Я просто кивнула ему в ответ. Но Ронэр, есть Ронэр: ничему его жизнь не учит.
- Я не понимаю, зачем Вам, эльтарина, погибать вместе с ним? Ведь Вы сгорите вместе с ним в этой металлической коробке. Вы так молоды, прекрасны, весь Рокшан будет у Ваших ног! Вы должны отправиться с нами.
Я не выдержала и зло сказала:
- Знаете, Ронэр, если мы выживем, Вы будете полы мыть весь этот цикл своим поганым языком. Неужели Вы не понимаете, что я люблю его. И живу, только пока он жив и дышит. Если его не станет, меня не будет тоже. Извините, эльтар Ронэр, но у меня нет времени, да и желания объяснять Вам вещи, которые Вы просто не в состоянии понять в силу своей душевной убогости. Так что идите быстрее в шлюп.
Я повернулась к Труне, стоявшему в проходе, и сказала:
- Как только выйдем возле Крап-чага, я включу отстыковку, дальше Вы сами. Прощайте, мне было приятно познакомиться с вами всеми. И удачи нам всем!
Потом, не дожидаясь пока они еще чего-нибудь скажут, направилась на мостик.

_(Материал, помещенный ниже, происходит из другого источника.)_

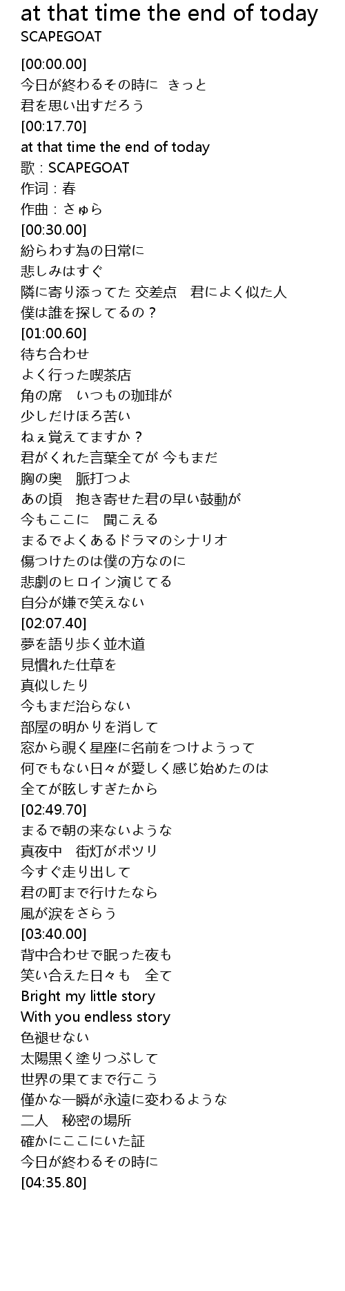 | [04:04.10] | 太陽黒く塗りつぶして |

Мы приземлились почти удачно. Мы, конечно, развалились, но не от перегрузки в атмосфере, а от удара о землю. Я не совсем точно рассчитала расстояние и из-за этого чуть не лишилась всех зубов, сломала нос, и мой позвоночник чуть не проделал дырку в моем черепе. Но мы остались живы, и все благодаря моему таланту пилота, я так считаю. В себя я пришла только через пару дней, и снова, уже привычно открыв глаза, увидела сидящего рядом Рантаира, который, устало привалившись к спинке кресла, спал как убитый. Было заметно, как он похудел, и выглядел очень потрепанным. Я села, свесив ноги, и ко мне тут же кинулся Дир со стаканом воды. Я не торопясь выпила, а потом, опустившись перед Рантаиром на корточки и опустив свою голову к нему на колени, прижала его ладони к своим щекам. Он проснулся, но, не двигаясь, ласкал кончиками пальцев кожу на моем лице. Я подняла лицо и попросила:
- Пойдем лечиться в спальню. Ты плохо выглядишь, и я думаю, тебе еще нельзя вставать.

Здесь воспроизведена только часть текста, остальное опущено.